In 2018, it’s another era for the Black Eyed Peas, one that looks a lot like where they started. But in a time of so much challenging, inventive hip hop – and terrible divisions in American society – where do the Peas fit in? The top of the pop charts, the front lines of activism, or somewhere in between?

They have penned some of the stickiest pop-radio staples of the decade, but the Black Eyed Peas’ time away proved formative for how its members wanted to reset the band – and how they wanted to respond to the changes in America. “Athletes have been standing up more than musicians,” will.i.am says. “We have to start standing up too.”

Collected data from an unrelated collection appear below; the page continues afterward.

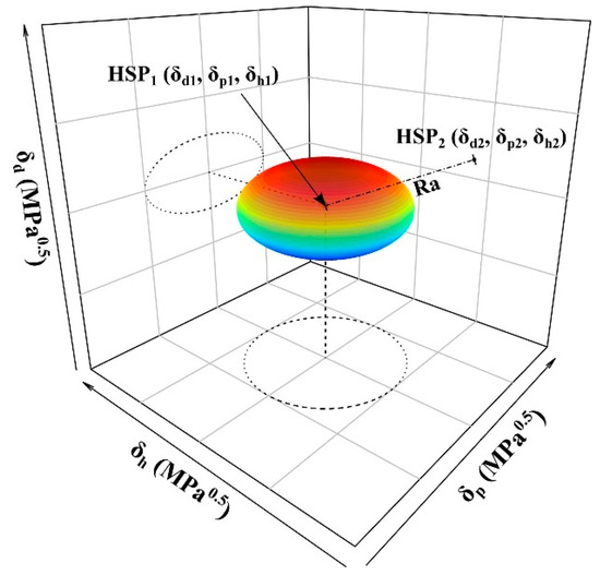 Three parameters representing hydrogen bonding, polarity, and dispersion forces can be considered as three-dimensional coordinates of HSP space points. The two components are miscible if ≤ 5 MPa0.5. For the purpose of convenient visualization of the spherical, instead of using the ellipsoidal solubility plot, a modified radius (Ra) equation (Equation (15)) was proposed [119] as a representation of the Euclidean distance between the centrum HSP1 (δd1, δp1, δh1) and another point HSP2 (δd2, δp2, δh2) in the Hansen space (Figure 12).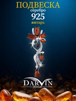 Серебряная подвеска с янтарем на шею, цветок в стиле модерн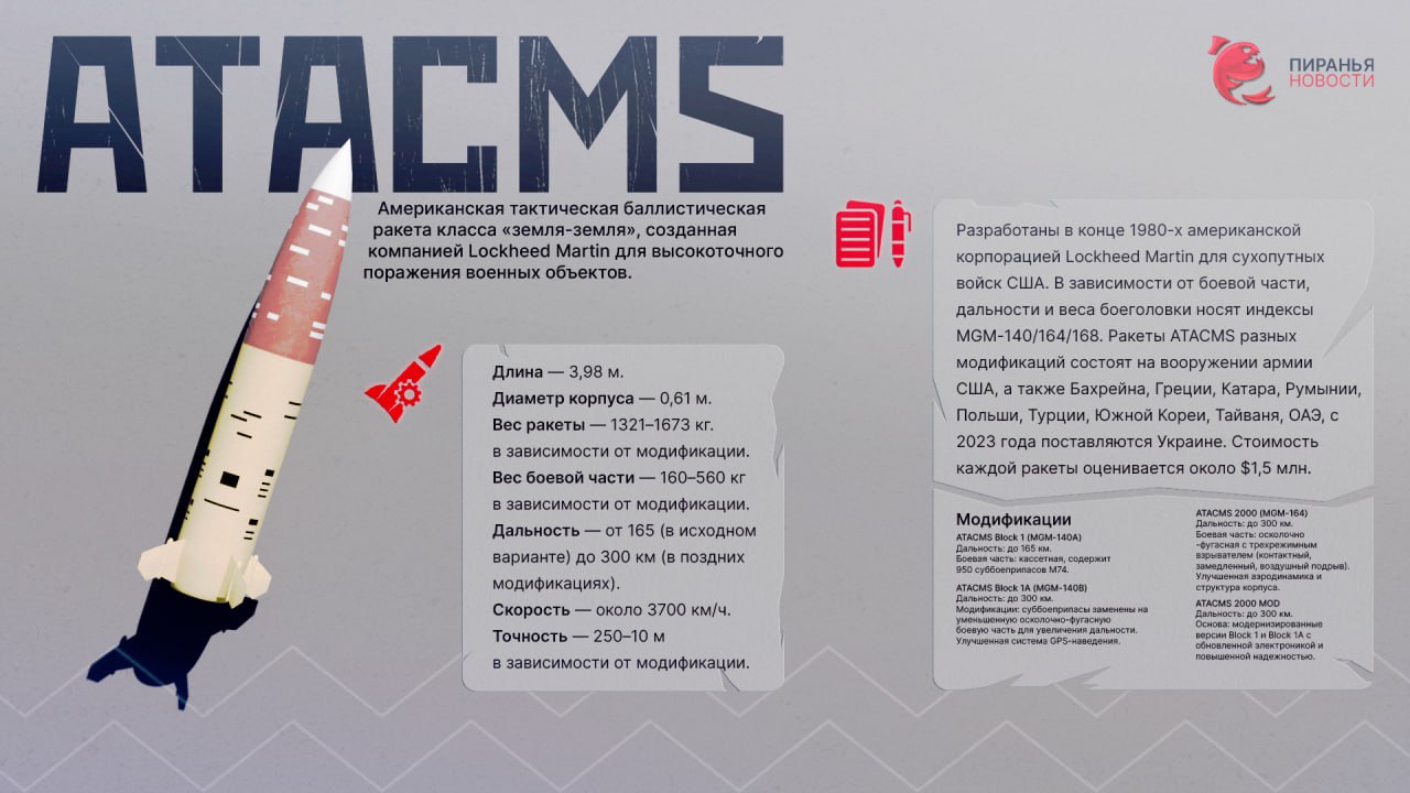 Π Ρ ΠΎΠ΄Π΅ Π‘ΠΠ Π£ΠΊΡΠ°ΠΈΠ½Π° Π½Π°ΡΠ°Π»Π° ΠΈΡΠΏΠΎΠ»ΡΠ·ΠΎΠ²Π°ΡΡ ATACMS ΠΏΠΎΡΠ»Π΅ ΠΈΡ ΠΏΠΎΡΡΠ°Π²ΠΎΠΊ ΠΎΡ Π‘Π¨Π, ΡΡΠΎ ΠΏΠΎΠ·Π²ΠΎΠ»ΠΈΠ»ΠΎ Π·Π½Π°ΡΠΈΡΠ΅Π»ΡΠ½ΠΎ ΡΠ°ΡΡΠΈΡΠΈΡΡ Π²ΠΎΠ·ΠΌΠΎΠΆΠ½ΠΎΡΡΠΈ ΠΏΡΠΎΡΠΈΠ²Π½ΠΈΠΊΠ° ΠΏΠΎ ΠΏΠΎΡΠ°ΠΆΠ΅Π½ΠΈΡ ΠΊΠ»ΡΡΠ΅Π²ΡΡ ΠΎΠ±ΡΠ΅ΠΊΡΠΎΠ².

Seven years is an eternity in pop music, but the Peas were far from idle. After performing at the 2011 Super Bowl half-time show, will.i.am released a solo record, Taboo overcame cancer and protested the construction of an oil pipeline on the Standing Rock Sioux Reservation in the US, and apl.de.ap opened schools in his native Philippines.

apl.de.ap, Taboo and will.i.am have released the first Black Eyed Peas single in seven years. Photo: TNS

“From me beating cancer and going to Standing Rock, to Ap’s work in the Philippines, all of this has been a preparation for a bigger fight,” says Taboo.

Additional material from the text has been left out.